Keywords: bone disorders, childhood, chronic HCV infection
Introduction
A reduced bone mineral density (BMD) due both to a lowered physiological bone turnover and to limited osteosynthesis processes is among the extrahepatic complications most frequently identified in adults suffering from end-stage liver disease. The incidence of osteopenia and osteoporosis is particularly high in cases of primary biliary or alcoholic cirrhosis (20–60% of cases) as well as in chronic HBV or HCV related hepatopathies which have become the first cause of hepatic cirrhosis over the past decade (1–3).
Several hormonal, toxic and metabolic factors may intervene in the pathogenesis of hepatic osteodystrophy; these also combine with secondary factors (nutritional deficits, malabsorption, inactivity) and with the speed of hepatic damage progression.
In particular “low turnover” osteoporosis is determined by the reduced hepatic synthesis of IGF-1, hyperbilirubinemia and plasma retention of other substances linked to cholestasis, which can inhibit osteoblastic activity.
On the other hand in the pathogenesis of “high turnover” osteoporosis (characterized by an increased osteoclast activity) a deficit in vitamin D, calcium and serum phosphates is a determining factor and results in parathyroid hormone (PTH) hyperincretion which stimulates osteoclast function.
Recent studies show a comparable prevalence for “high- and low turnover” osteoporosis in cases of cirrhosis and also highlight a significant correlation between the rapid progression of liver disease and the onset of osteoporosis, with a reduction of bone density mainly evident at lumbar vertebrae and hip joint (3).
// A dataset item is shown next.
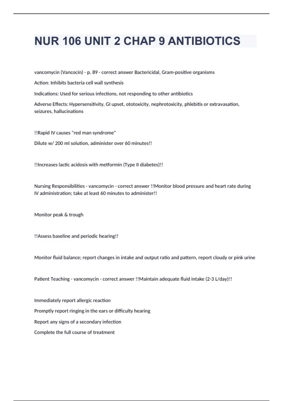 vancomycin (Vancocin) - p. 89 - correct answer Bactericidal, Gram-positive organisms Action: Inhibits bacteria cell wall synthesis Indications: Used for serious infections, not responding to other antibiotics Adverse Effects: Hypersensitivity, GI upset, ototoxicity, nephrotoxicity, phlebitis or extravasation, seizures, hallucinations !!Rapid IV causes "red man syndrome" Dilute w/ 200 ml solution, administer over 60 minutes!! !!Increases lactic acidosis with metformin (Type II diabetes)!! Nursing Responsibilities - vancomycin - correct answer !!Monitor blood pressure and heart rate during IV administration; take at least 60 minutes to administer!! Monitor peak & trough !!Assess baseline and periodic hearing!! Monitor fluid balance; report changes in intake and output ratio and pattern, report cloudy or pink urine Patient Teaching - vancomycin - correct answer !!Maintain adequate fluid intake (2-3 L/day)!! Immediately report allergic reaction Promptly report ringing in the ears or difficulty hearing Report any signs of a secondary infection

Only few reports have been published about bone disorders in children and adolescents with liver disease. Generally most forms of chronic hepatopathy in this population are of viral origin and represent the consequence of vertical or transfusional transmission. Available data about the prevalence of bone disorders are limited mainly because of the low number of patients evaluated, included in studies with the aim just to define the pathogenetic role of hormones (such as PTH) and their mediators with osteoblasts, such as IGF-1 and TGF-beta (4, 5).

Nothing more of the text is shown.